The Pakistan Veterinary Medical Association issued advisories urging citizens to complete Qurbani before 10 a.m. and to keep animals in shaded, ventilated areas. “The animals are suffering as much as the people,” said Dr. Saba Malik, a vet in Sialkot who spent the Eid morning visiting farms to check on cattle. “Heat stress in livestock causes not just suffering but also affects meat quality. It’s a lose-lose.”
The Human Toll
Official figures from the National Disaster Management Authority put the heat-related death toll over the Eid weekend at 27, with more than 3,400 heat-exhaustion cases reported across hospitals nationwide. Human rights organisations say the real number could be significantly higher, as many deaths in rural areas go unreported.
In rural Sindh, the heat wave coincided with the ongoing monsoon preparations, creating a double burden for farmers. “We are in the middle of preparing for the monsoon and also dealing with this,” said Ghulam Shah, a small farmer in Sanghar district. “Our wheat stores are already damaged from last month’s heat. We do not know how we will survive another season like this.”
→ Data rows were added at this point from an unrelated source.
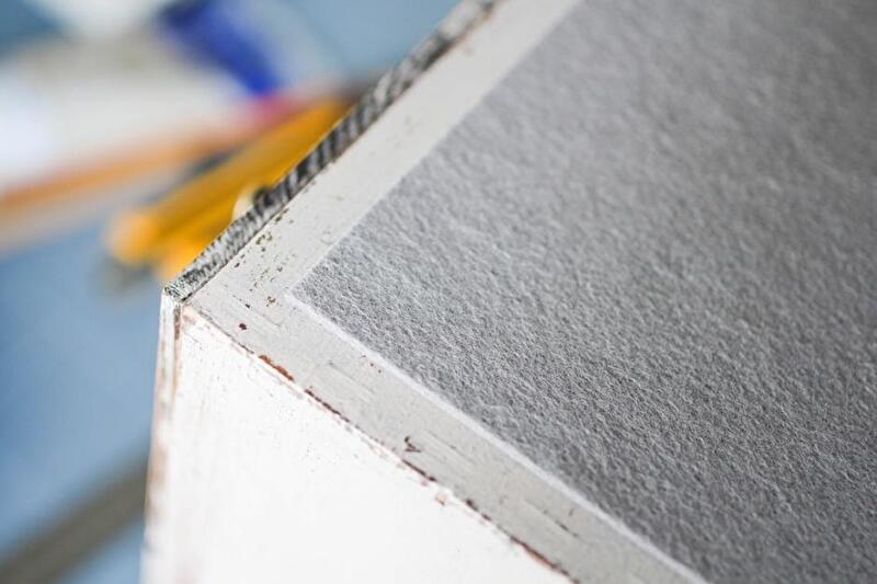А на дно ящика, чтобы он не царапал стол и поверхности полок, приклеиваем тонкий листовой ферт серого цвета.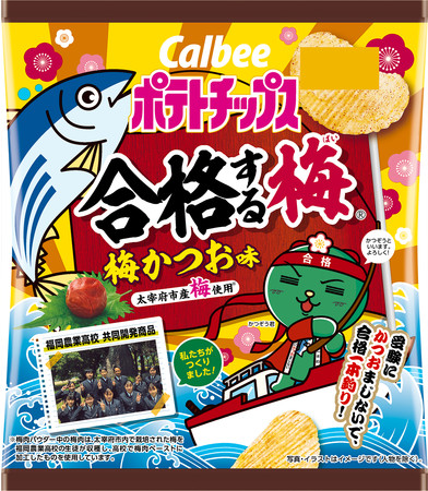 カルビー株式会社(本社:東京都千代田区、代表取締役社長兼CEO:伊藤 秀二)は、福岡県立福岡農業高等学校(福岡県太宰府市、以下、福岡農業高校)と共同で開発した受験生を応援する厚切りのポテトチップス『ポテトチップス合格する梅(ばい) 梅かつお味』を2021年12月13日(月)から中国・四国・九州エリアにて数量限定で発売します。商品は無くなり次第終了となります。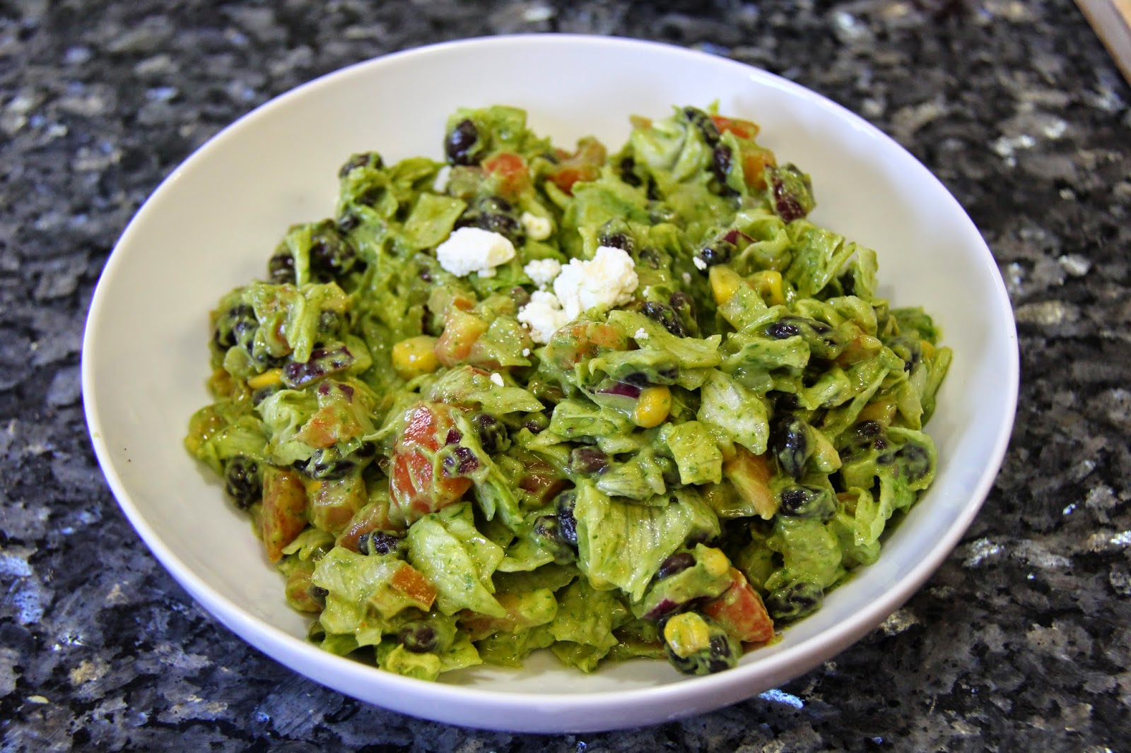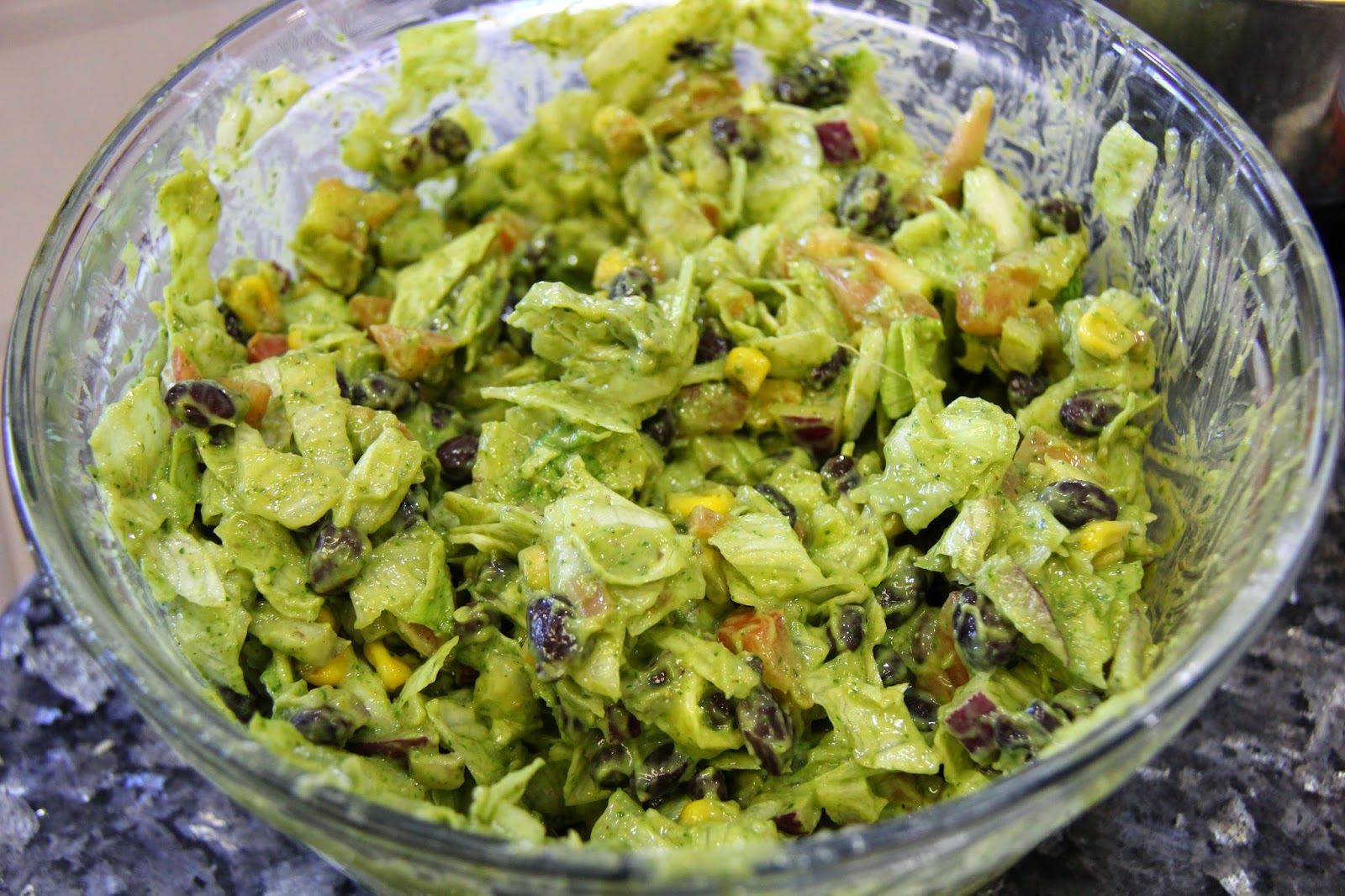 3.In a bowl take the chopped onion and tomato,corn and black beans and mix,Now add the ground avocado puree and toss along with the lettuce until evenly coated and serve.
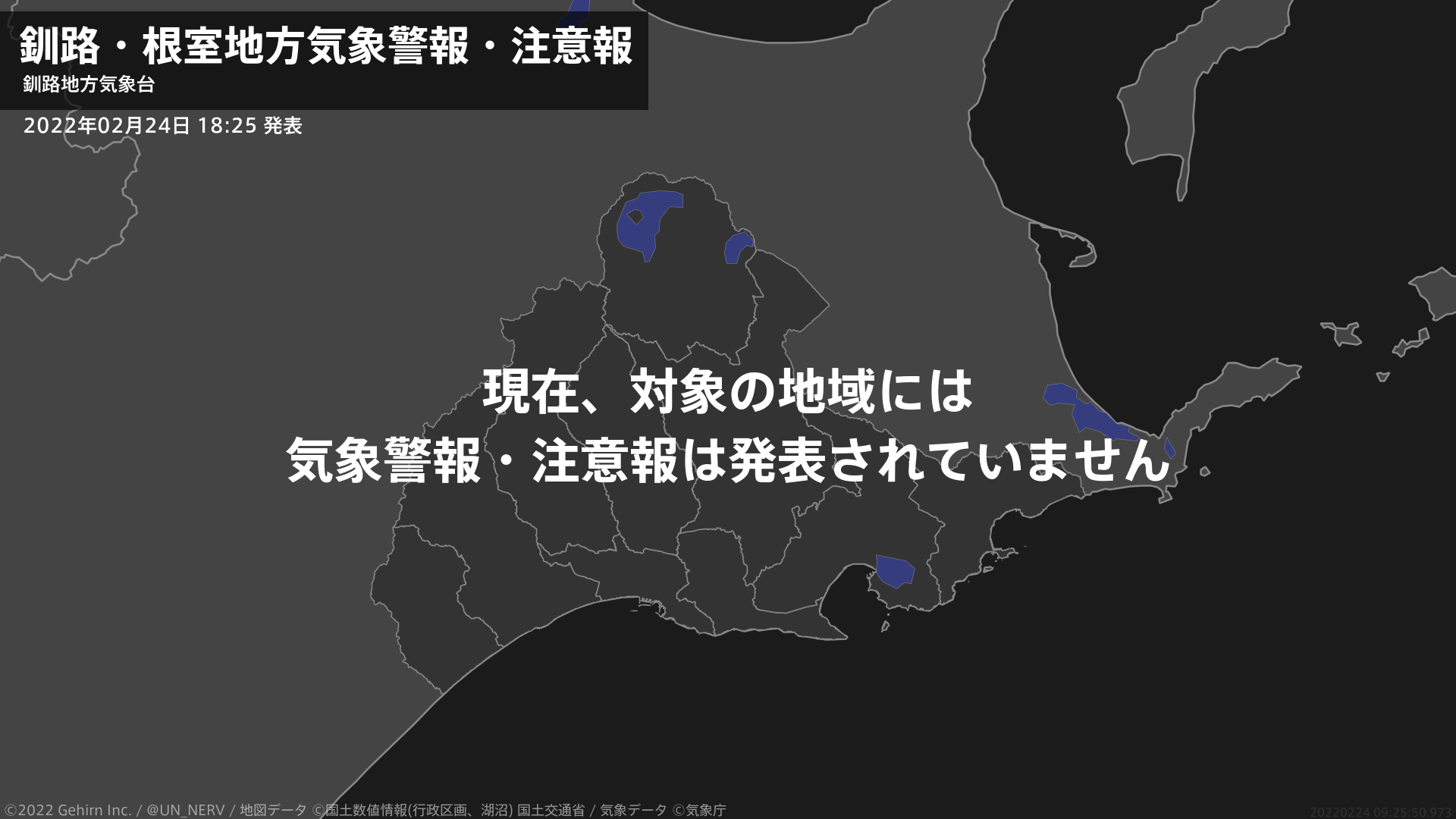 【釧路・根室地方 気象警報・注意報 2022年02月24日 18:25】注意報を解除します。#気象警報注意報 #釧路地方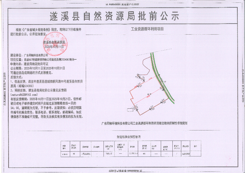廣東同暢環境科技有限公司工業資源循環利用項目建設用地規劃許可證批前公示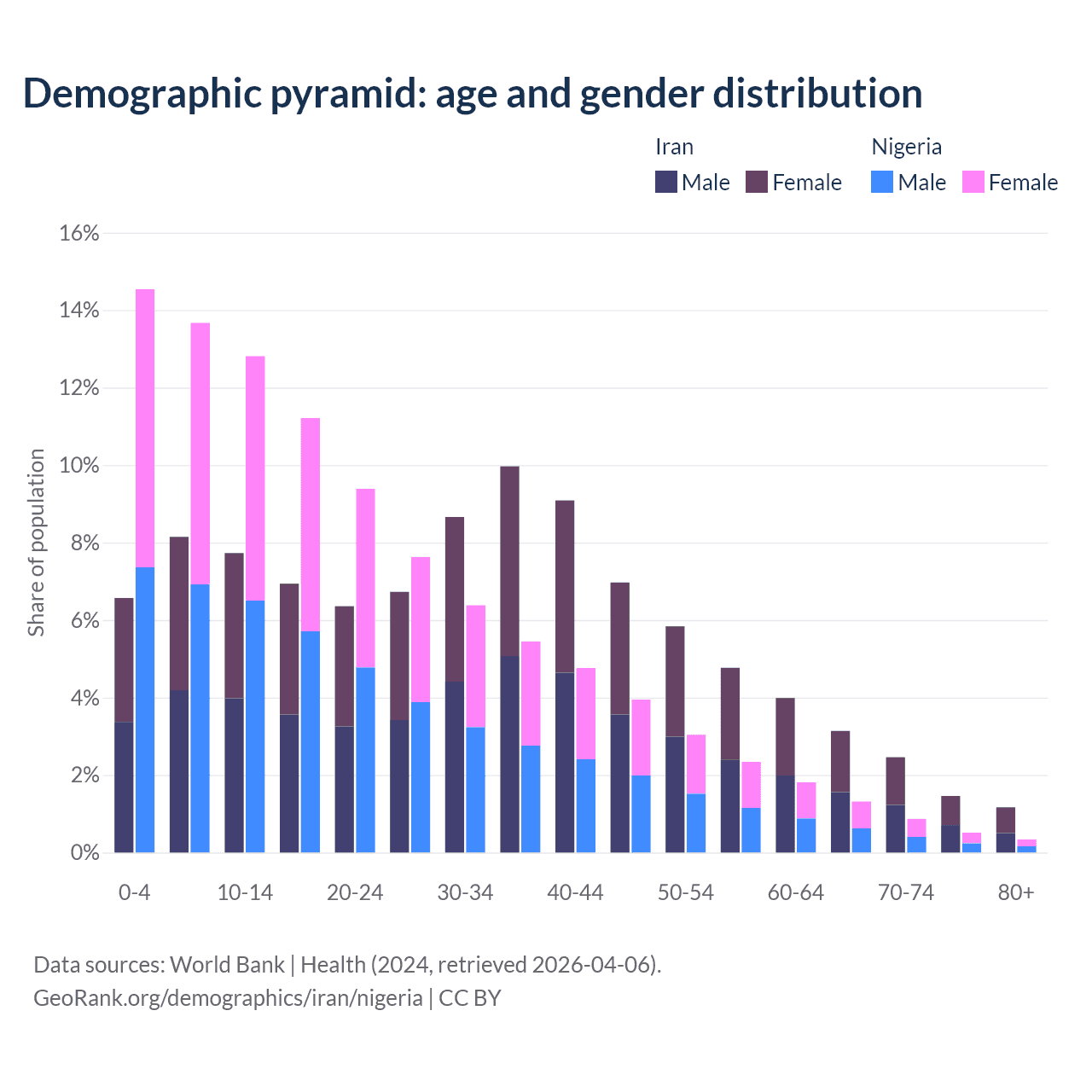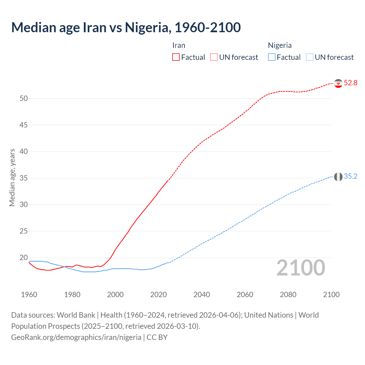- Iran is ranked 79/196 by median age (oldest to youngest) vs 178/196 for Nigeria.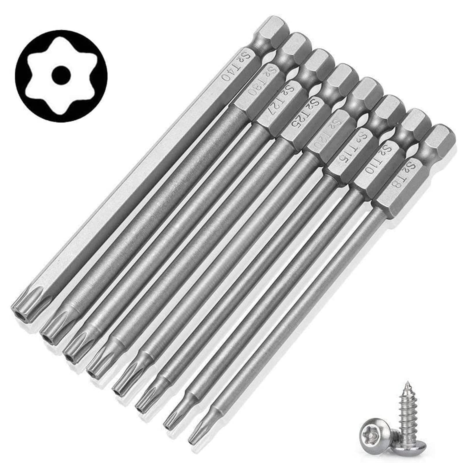 Bestgleトルクスドライバー トルクス星ネジ用ビットセット 8本組磁気六角ドライバービットセット100mm 六角軸 6.35mm電動六角トルクスインパクトドライバーT8-T40六角ビットセット トルクスネジ用ビット電動ドリル ビット工具

The Politics of a Heat Wave
Pakistan’s government declared a “climate emergency” in March 2026, but critics say the announcement has yet to translate into meaningful policy. The national heat-action plan, developed with support from the World Bank, remains largely unimplemented in several provinces. “We have the documents. We have the plans. What we lack is the political will to actually fund and execute them,” said environmental activist Seema Omar.
The government’s emergency response during Eid was limited to distributing water tanks and setting up temporary shade structures in major cities. Opposition politicians and social media critics were quick to compare Pakistan’s situation with India, which has invested heavily in heat-mitigation infrastructure in states like Rajasthan and Gujarat.
What Comes Next
Meteorologists warn that the worst may not be over. The second spell of the heat wave is expected to persist through the first two weeks of June, with Sindh and south Punjab likely to remain the hardest hit. The Pakistan Meteorological Department has advised people to avoid outdoor activities between 11 a.m. and 4 p.m., drink fluids regularly, and check on elderly neighbours.
For millions of Pakistanis who spent this Eid indoors, clutching electric fans and counting ice cubes, the memory of the day will be inseparable from the heat. “We celebrated Eid, yes,” wrote one user on X, “but we survived it.” And in a country where survival and celebration have always been two sides of the same coin, that distinction may be the most honest summary of all.